Top of Data shown

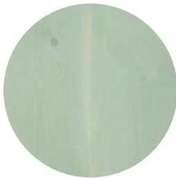
SALT LAKE GREEN
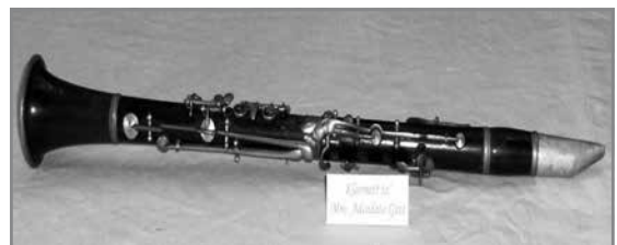
Il-panju u l-klarinetta tas-Surmast Adeodato Gatt li qegħdin iżejnu s-Sala tal-Arkivju tal-Każin Banda San Filep
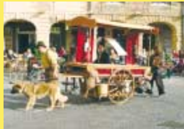
Société Royale Marionnettes St Gilloises Trois Grains de sable
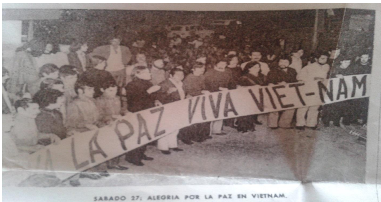
Cuarto Festival de la Canción Comprometida en Valparaíso en 1973.
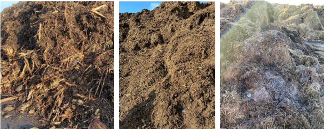
Figuur 12: A (links): Groenafvalhoop biomassawerf A, met resistente Aspergillus B (midden): Groenafval (versnipperd) biomassawerf C, met resistente Aspergillus C (rechts): Groenafval (maaisel) biomassawerf C, met resistente Aspergillus

Bij de biomassawerven zijn de aanwezige inputstromen zoveel mogelijk separaat bemonsterd. Bij biomassawerven A en C waren de inputstromen relatief homogeen (zie figuur 12 hieronder).
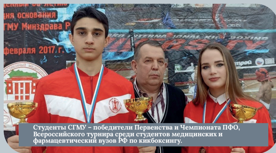
Студенты СГМУ – победители Первенства и Чемпионата ПФО, Всероссийского турнира среди студентов медицинских и фармацевтических вузов РФ по кикбоксингу.
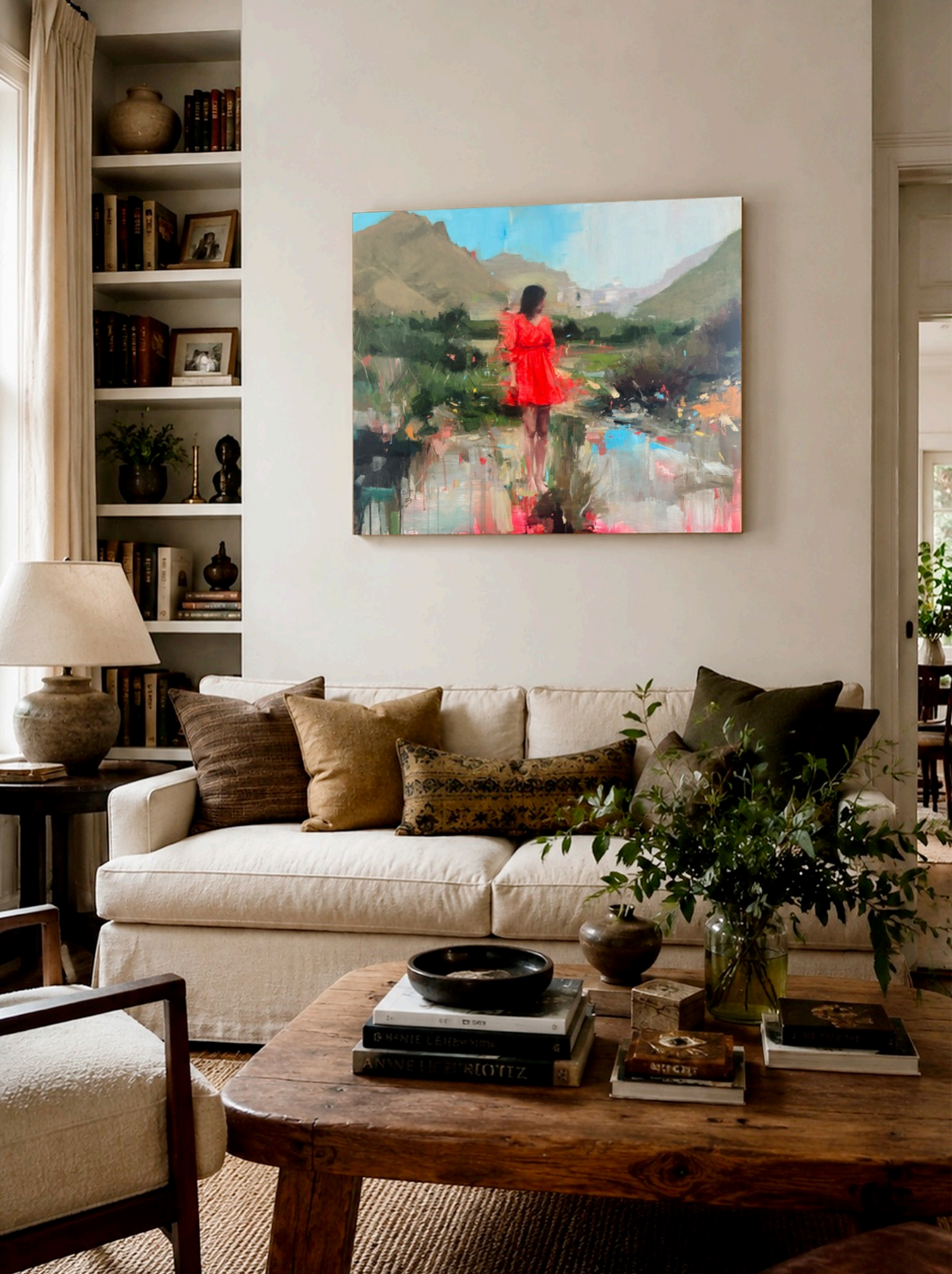
Vista en contexto / Interior privado
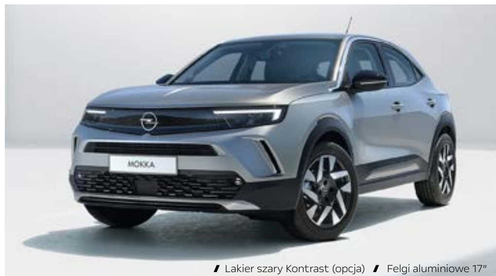
// Lakier szary Kontrast (opcja) // Felgi aluminiowe 17"
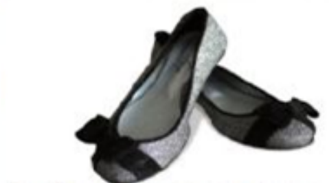
Sapatilha com glitter e Laço em Camurça R$ 106
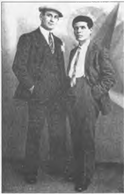
Василь Харламов (зліва) і Нестор Махно в Парижі
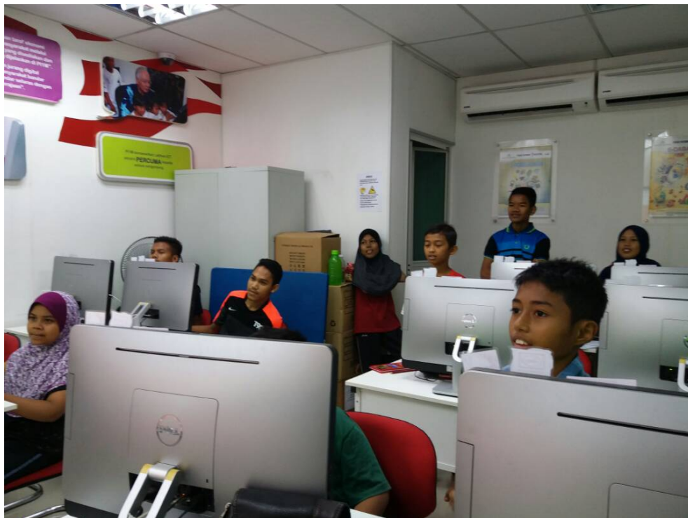
Antara peserta yang menyertai bengkel Kahoot IT.
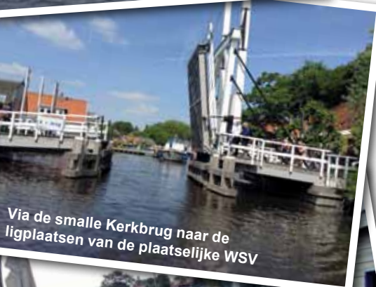
Via de smalle Kerkbrug naar de ligplaatsen van de plaatselijke WSV
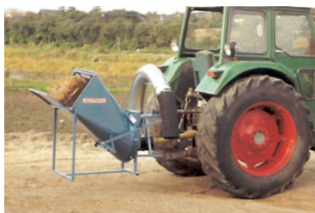
TV - projection vertical - TL avec projection au sol pour tracteur no. 350042-350045. TDU avec plateforme pour distribution de paille entre deux plates-bande de fraiseurs à la fois - Item no. 350052
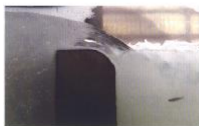
魚道の流れと魚の遡上の様子を 実際の現場のスケールで映像で 表示しています
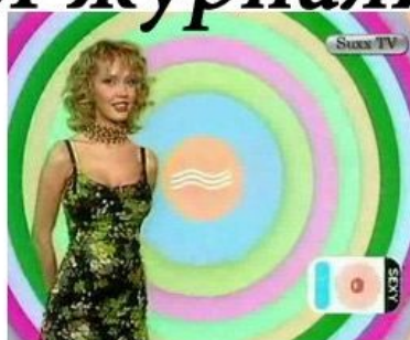
как меня видят друзья
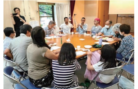
環境対話カフェの様子
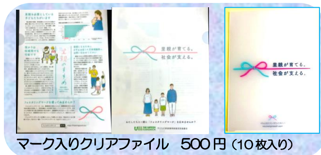
マーク入りクリアファイル 500円(10枚入り)
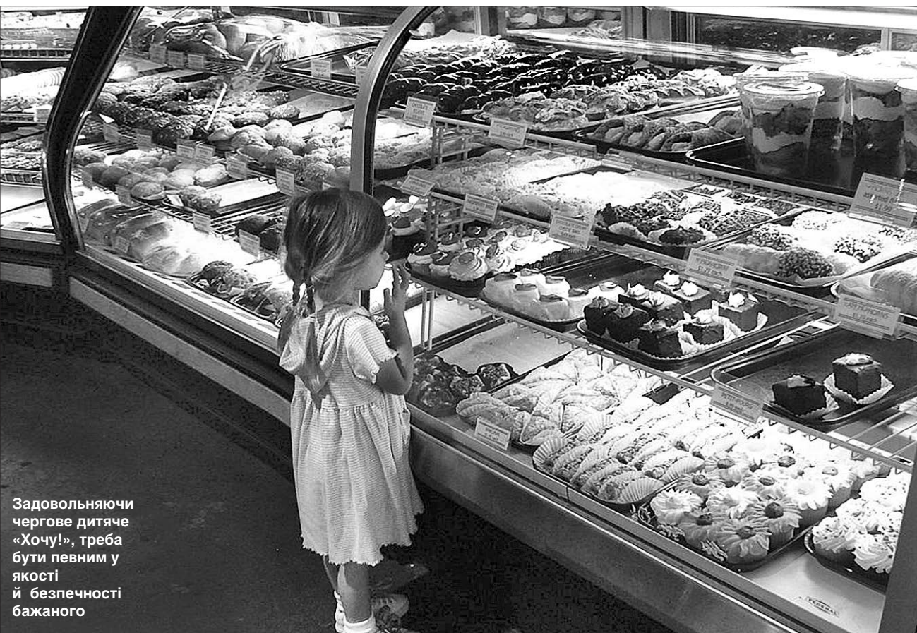
Задовольняючи чергове дитяче «Хочу!», треба бути певним у якості й безпечності бажаного

БІОБЕЗПЕКА. Чи можна запровадити в нас систему пест контролю світового зразка, якщо ні виробники, ні державні структури до цього не готові?
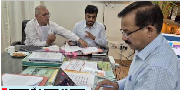
जनपद में 1 लाख 83 हजार वारदाना उपलब्ध, डीएम की सड़न निगरानी

जिलाधिकारी ने कहा कि किसानों की सुविधा सर्वोच्च प्राथमिकता है और खरीद प्रक्रिया पूरी तरह सुव्यवस्थित, समयबद्ध एवं पारदर्शी होनी चाहिए। उन्होंने समस्त उप जिलाधिकारियों को निर्देशित किया कि वे अपने-अपने क्षेत्रों के क्रय केंद्रों का नियमित निरीक्षण कर वारदाना की उपलब्धता, गेहूं उठान की स्थिति तथा
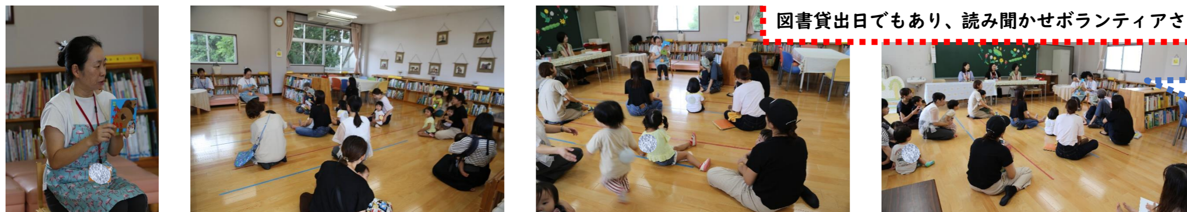
図書貸出日でもあり、読み聞かせボランティアさんが絵本をセレクト
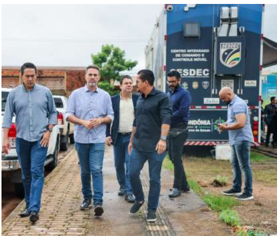
Prefeitura da capital deve apresentar em breve o decreto para iniciar o trabalho do agente de ordem pública

O subcomandante da PM informou que mais de 40 apartamentos no Morar Melhor foram lacrados, pois uns eram utilizados como esconderijos e outros usados para alugar, por parte do grupo criminoso.
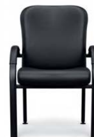
O 450 Besucherstuhl
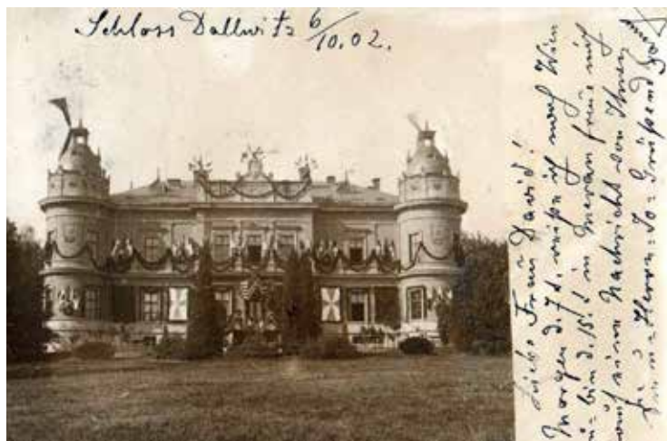
Dobová pohlednice Nového zámku
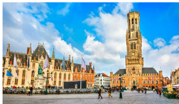
ブルージュ旧市街の中心、マルクト広場。ホテルから徒歩で10分弱です

■最少催行人員：10名様 ■食事：朝食7回、昼食6回、夕食5回 ■添乗員：羽田空港または成田空港ご出発時から羽田空港または成田空港ご到着時まで同行します。 ■バスポート必要残存有効期間：帰国時3か月以上 ■バスポート査証未使用欄：2ページ以上必要

Bottom of Data shown

Reproduce only the lines of the records from the start up to and including the line that holds "Prefeitura da capital"; do not carry over any picture.

SALT LAKE GREEN
Il-panju u l-klarinetta tas-Surmast Adeodato Gatt li qegħdin iżejnu s-Sala tal-Arkivju tal-Każin Banda San Filep
Société Royale Marionnettes St Gilloises Trois Grains de sable
Cuarto Festival de la Canción Comprometida en Valparaíso en 1973.
Figuur 12: A (links): Groenafvalhoop biomassawerf A, met resistente Aspergillus B (midden): Groenafval (versnipperd) biomassawerf C, met resistente Aspergillus C (rechts): Groenafval (maaisel) biomassawerf C, met resistente Aspergillus

Bij de biomassawerven zijn de aanwezige inputstromen zoveel mogelijk separaat bemonsterd. Bij biomassawerven A en C waren de inputstromen relatief homogeen (zie figuur 12 hieronder).
Студенты СГМУ – победители Первенства и Чемпионата ПФО, Всероссийского турнира среди студентов медицинских и фармацевтических вузов РФ по кикбоксингу.
Vista en contexto / Interior privado
// Lakier szary Kontrast (opcja) // Felgi aluminiowe 17"
Sapatilha com glitter e Laço em Camurça R$ 106
Василь Харламов (зліва) і Нестор Махно в Парижі
Antara peserta yang menyertai bengkel Kahoot IT.
Via de smalle Kerkbrug naar de ligplaatsen van de plaatselijke WSV
TV - projection vertical - TL avec projection au sol pour tracteur no. 350042-350045. TDU avec plateforme pour distribution de paille entre deux plates-bande de fraiseurs à la fois - Item no. 350052
魚道の流れと魚の遡上の様子を 実際の現場のスケールで映像で 表示しています
как меня видят друзья
環境対話カフェの様子
マーク入りクリアファイル 500円(10枚入り)
Задовольняючи чергове дитяче «Хочу!», треба бути певним у якості й безпечності бажаного

БІОБЕЗПЕКА. Чи можна запровадити в нас систему пест контролю світового зразка, якщо ні виробники, ні державні структури до цього не готові?
जनपद में 1 लाख 83 हजार वारदाना उपलब्ध, डीएम की सड़न निगरानी

जिलाधिकारी ने कहा कि किसानों की सुविधा सर्वोच्च प्राथमिकता है और खरीद प्रक्रिया पूरी तरह सुव्यवस्थित, समयबद्ध एवं पारदर्शी होनी चाहिए। उन्होंने समस्त उप जिलाधिकारियों को निर्देशित किया कि वे अपने-अपने क्षेत्रों के क्रय केंद्रों का नियमित निरीक्षण कर वारदाना की उपलब्धता, गेहूं उठान की स्थिति तथा
図書貸出日でもあり、読み聞かせボランティアさんが絵本をセレクト
Prefeitura da capital deve apresentar em breve o decreto para iniciar o trabalho do agente de ordem pública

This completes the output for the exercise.